Но пока статьи молодого Чуковского еще многословны, вялы, неуклюжи, неточны в выражениях, утопают в повторах и авторских рефлексиях: «Теперь попытаюсь объяснить, почему мне показалось, что трактат написан не Горьким… Только как бы это сделать попроще и покороче?» «Но прежде чем касаться этой надоевшей темы, мне хотелось бы напомнить вам два-три банальнейших трюизма…» Ах-ха, зевает читатель. Позднее все эти излишества Чуковский будет истреблять у себя беспощадно. Иронически относится он и к своей славе, отчетливо понимая собственные несовершенства, и эта ирония у него сохранится на всю жизнь. Даже в преклонном возрасте он записывал в дневник по поводу юбилейного чествования: «Я чувствовал себя мазуриком».
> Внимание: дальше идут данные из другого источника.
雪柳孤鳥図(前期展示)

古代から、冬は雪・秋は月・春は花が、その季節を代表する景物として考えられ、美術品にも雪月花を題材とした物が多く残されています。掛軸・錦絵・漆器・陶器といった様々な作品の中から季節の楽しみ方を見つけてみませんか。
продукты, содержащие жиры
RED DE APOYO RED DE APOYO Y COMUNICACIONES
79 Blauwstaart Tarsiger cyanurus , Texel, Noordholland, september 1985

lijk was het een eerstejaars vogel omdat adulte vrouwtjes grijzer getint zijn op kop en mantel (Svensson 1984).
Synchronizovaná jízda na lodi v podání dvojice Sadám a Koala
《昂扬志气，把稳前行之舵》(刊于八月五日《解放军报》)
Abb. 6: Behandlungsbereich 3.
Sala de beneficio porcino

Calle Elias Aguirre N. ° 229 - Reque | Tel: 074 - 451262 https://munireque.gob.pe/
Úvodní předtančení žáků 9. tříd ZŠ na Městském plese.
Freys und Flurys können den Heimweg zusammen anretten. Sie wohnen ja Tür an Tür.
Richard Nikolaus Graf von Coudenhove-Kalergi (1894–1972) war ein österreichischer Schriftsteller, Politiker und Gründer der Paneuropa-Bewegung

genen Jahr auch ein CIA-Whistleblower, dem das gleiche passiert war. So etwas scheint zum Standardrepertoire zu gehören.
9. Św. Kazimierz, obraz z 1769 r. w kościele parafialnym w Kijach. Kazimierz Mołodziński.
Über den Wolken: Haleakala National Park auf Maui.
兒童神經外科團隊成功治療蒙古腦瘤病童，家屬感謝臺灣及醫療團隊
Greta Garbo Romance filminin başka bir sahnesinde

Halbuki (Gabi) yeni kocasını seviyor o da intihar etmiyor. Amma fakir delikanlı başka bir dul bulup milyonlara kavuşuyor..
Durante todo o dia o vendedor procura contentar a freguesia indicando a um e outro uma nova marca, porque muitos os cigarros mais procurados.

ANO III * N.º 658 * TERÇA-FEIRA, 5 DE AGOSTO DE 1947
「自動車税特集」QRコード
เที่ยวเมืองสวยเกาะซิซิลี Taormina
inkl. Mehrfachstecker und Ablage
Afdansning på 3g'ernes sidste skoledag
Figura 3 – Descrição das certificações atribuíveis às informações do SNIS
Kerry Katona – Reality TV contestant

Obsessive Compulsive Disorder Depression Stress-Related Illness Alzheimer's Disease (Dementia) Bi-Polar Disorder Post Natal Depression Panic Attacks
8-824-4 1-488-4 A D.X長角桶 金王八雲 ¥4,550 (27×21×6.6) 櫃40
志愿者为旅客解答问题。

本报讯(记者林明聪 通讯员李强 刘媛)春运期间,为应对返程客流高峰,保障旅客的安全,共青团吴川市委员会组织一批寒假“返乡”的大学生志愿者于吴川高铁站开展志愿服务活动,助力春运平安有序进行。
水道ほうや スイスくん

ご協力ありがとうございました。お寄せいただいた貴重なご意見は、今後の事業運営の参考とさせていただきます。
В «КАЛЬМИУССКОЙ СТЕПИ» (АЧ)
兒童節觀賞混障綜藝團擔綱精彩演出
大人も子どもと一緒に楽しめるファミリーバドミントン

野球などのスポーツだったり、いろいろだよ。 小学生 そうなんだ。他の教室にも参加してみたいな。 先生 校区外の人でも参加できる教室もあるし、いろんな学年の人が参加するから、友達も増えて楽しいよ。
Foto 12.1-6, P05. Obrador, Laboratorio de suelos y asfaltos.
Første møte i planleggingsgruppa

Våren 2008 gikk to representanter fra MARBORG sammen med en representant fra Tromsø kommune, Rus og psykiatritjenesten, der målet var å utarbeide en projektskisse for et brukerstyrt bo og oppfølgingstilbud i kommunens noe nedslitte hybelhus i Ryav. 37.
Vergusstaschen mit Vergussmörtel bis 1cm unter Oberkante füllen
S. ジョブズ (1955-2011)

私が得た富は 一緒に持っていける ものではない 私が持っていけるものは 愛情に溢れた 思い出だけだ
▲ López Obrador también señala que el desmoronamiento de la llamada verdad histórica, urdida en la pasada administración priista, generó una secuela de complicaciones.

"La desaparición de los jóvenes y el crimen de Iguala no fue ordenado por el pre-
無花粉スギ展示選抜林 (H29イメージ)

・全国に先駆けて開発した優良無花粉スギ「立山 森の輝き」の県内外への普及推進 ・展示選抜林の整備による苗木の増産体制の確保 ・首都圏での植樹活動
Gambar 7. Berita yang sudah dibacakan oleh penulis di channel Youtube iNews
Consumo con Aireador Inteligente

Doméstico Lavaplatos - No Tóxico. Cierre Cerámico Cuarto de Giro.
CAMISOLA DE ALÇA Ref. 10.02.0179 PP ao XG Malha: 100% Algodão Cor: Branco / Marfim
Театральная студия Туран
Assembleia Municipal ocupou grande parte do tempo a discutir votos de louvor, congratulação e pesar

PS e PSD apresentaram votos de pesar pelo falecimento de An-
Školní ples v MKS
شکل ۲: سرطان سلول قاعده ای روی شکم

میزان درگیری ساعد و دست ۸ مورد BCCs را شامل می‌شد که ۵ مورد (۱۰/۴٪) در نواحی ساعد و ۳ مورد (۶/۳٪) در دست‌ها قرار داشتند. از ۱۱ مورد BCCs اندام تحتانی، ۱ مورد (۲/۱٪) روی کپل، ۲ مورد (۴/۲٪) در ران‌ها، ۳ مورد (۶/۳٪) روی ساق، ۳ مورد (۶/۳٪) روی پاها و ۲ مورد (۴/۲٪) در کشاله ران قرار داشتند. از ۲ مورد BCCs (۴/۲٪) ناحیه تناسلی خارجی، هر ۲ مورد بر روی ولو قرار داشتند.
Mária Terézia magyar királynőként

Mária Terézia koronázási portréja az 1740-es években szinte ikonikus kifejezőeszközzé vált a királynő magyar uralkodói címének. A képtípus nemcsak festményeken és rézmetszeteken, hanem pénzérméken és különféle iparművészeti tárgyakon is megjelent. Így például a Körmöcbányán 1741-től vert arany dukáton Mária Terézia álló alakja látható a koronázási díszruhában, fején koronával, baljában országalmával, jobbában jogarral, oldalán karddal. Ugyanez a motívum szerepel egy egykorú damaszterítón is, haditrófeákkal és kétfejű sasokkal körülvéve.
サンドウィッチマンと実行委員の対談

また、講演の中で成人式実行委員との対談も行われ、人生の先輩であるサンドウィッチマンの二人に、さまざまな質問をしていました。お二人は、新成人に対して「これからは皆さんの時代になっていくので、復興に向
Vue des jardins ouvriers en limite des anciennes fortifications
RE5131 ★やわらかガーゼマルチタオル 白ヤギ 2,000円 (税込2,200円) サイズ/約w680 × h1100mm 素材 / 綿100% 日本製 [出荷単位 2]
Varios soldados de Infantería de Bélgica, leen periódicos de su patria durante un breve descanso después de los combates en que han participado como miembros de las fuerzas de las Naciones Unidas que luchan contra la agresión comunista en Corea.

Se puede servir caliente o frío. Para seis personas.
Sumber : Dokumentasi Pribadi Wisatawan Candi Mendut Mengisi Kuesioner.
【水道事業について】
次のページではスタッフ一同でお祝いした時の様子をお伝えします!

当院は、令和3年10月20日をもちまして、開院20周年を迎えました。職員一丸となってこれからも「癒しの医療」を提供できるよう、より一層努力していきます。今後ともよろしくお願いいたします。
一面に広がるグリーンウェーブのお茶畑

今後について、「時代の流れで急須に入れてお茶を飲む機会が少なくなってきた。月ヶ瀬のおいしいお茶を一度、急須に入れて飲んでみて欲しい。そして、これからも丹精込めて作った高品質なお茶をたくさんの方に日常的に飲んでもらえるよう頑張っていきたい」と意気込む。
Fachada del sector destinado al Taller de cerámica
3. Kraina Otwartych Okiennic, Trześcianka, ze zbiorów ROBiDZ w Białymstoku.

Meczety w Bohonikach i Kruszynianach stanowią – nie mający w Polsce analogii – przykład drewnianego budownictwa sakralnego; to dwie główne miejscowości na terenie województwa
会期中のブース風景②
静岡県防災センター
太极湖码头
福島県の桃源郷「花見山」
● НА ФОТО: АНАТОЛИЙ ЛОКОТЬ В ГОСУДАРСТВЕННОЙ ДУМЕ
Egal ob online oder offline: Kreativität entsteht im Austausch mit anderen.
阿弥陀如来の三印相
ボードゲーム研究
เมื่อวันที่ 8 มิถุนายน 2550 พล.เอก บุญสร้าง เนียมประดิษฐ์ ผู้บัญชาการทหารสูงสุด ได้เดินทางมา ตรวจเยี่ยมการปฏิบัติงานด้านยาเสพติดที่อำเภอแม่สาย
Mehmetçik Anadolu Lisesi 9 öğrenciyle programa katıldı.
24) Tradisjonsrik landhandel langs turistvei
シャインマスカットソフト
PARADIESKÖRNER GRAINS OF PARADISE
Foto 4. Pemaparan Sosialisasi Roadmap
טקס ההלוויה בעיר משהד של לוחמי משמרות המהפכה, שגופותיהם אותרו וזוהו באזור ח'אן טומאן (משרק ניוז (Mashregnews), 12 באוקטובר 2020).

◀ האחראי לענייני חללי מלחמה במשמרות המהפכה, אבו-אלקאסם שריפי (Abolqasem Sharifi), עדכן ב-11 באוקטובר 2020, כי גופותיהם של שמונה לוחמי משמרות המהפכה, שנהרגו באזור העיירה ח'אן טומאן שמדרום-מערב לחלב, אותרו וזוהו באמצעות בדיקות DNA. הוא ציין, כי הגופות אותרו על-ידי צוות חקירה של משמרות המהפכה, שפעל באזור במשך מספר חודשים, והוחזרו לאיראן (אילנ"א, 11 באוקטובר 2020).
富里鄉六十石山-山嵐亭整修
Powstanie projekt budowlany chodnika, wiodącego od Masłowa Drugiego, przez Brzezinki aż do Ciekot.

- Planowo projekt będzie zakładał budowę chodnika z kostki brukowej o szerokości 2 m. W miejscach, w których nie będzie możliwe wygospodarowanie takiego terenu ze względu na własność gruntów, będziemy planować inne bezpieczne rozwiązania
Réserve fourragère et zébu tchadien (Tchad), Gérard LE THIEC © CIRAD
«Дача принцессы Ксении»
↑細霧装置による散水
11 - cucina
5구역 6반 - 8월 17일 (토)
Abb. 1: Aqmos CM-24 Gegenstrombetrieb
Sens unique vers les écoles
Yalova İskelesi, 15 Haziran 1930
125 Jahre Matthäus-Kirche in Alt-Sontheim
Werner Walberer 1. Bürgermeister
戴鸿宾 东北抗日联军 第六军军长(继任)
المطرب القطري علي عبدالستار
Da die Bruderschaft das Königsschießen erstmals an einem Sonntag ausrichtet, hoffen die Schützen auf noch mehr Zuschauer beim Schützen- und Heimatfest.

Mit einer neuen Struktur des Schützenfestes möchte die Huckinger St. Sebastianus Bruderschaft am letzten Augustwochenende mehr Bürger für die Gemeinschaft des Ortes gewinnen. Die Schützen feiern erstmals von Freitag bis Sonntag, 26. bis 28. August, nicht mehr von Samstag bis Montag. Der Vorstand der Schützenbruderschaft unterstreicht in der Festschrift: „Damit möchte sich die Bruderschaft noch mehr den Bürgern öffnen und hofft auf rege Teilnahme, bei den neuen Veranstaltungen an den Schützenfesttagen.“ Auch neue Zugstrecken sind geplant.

Забавную историю о славе Чуковский рассказал своему бывшему ученику Швейцеру: «Художник Буковецкий, модный в Петербурге в начале века портретист, вдруг попросил меня позировать ему для портрета. Тогда я печатал небольшие заметки о живописи и решил, что предложение художника означает, что ко мне пришла слава. Заканчивая портрет, Буковецкий спросил: „Чем вы, собственно, занимаетесь, молодой человек?“ Я упал с облаков и в свою очередь спросил: „Почему вы решили писать именно мой портрет?“ – „Из-за мягкой молодой бородки, окружающей ваше лицо, – сказал Буковецкий, – если ее сбрить, будет совсем не то…“»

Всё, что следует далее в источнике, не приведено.